In the case of power shift from Mutharika to Chakwera, Malawians expect drastic, radical and fundamental changes that will completely give a fresh outlook on how government operates.
Look here, for the past 26 years, Malawi's political landscape was dominated by governance decisions made by two families: Muluzi and Mutharika.
At the heart of these decisions, truth be told, was the quest for the two families to maintain their grip on power unfortunately at the expense of well-being of Malawians.
In other words, Malawi's development strides in the past 26 years were, actually, by-products; they weren't main products because the two families' principal interest was to keep power within their cabal.
That is why, during these fresh presidential polls, Malawians went into their large number to make a political turning point: To take their power back from the two families.
Now that power has been taken from the two families, the question is: How must Chakwera and Chilima structure their exercise of power to ensure that we don't create another family dynasty?
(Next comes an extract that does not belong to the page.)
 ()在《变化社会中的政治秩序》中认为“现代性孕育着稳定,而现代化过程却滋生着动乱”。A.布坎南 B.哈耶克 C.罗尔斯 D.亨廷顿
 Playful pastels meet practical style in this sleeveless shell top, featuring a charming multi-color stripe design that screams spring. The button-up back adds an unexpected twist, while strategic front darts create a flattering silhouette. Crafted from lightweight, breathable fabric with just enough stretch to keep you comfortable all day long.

In debating this question, it is imperative to underline that the shift of power under discussion goes beyond the symbolic twisting of benches in parliament and, of course, the hiring of new faces and the firing of old ones.
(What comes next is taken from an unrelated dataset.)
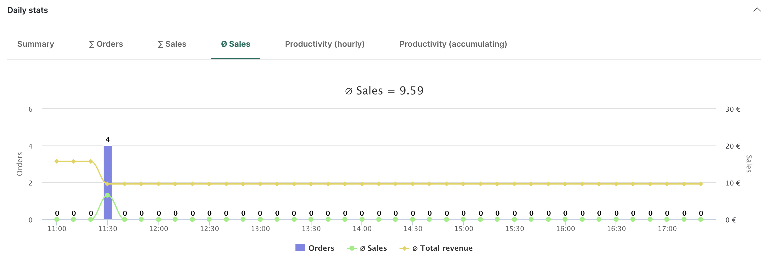 Here you can see a summarized overview of the daily statistics, the total of orders and sales as well as the average daily sales.

What is critical, of course, is that Chakwera and Chilima structure their exercise of power in a way that right people are placed in key governance institutions that protect the integrity of our Republican institution.
Truth be told, if there is anything that we have learnt in the past 6 months then it's the importance of having right and upright people in key government institutions.
We all bear testimony today, and we are self-evident, that having sober minded people, such as Chief Justice Andrew Nyirenda, is critical in ensuring fair, balanced and an independent judiciary.
We all bear testimony today, and we are self-evident, that having serious minded personnel such as Justice Dr Chifundo Kachale heading Malawi Electoral Commission (MEC); not matter the fiscal and logistical challenges, Malawians can be promised of a free, fair and impartial electoral process.
We also, of course, bear testimony that having compromised personnel such as Lloyd Muhara managing the civil service can be dangerous.
Even too dangerous things can turn when, as a matter of fact, you have numb, arrogant and indecisive bores such Justice Dr Jane Ansah handling decisive issues such as presidential elections.
I am saying we are self-evident that it is disastrous and dangerous to leave key institutions such as Malawi Broadcasting Corporations (MBC) in the hands of slapdash Aubrey Sumbuleta; State House management in the hands tribalist Bright Molande; and security of the head of state in the hands of corrupt and manipulative Norman Chisale.
Where we stand, here, as a nation today, we are self-evident of the best practices that our country needs to move.
We have both, the best and worst examples, of how we need to manage ourselves; as such, Chakwera and Chilima would have none but themselves to blame if they, again, stray towards Mutharika's destructive route.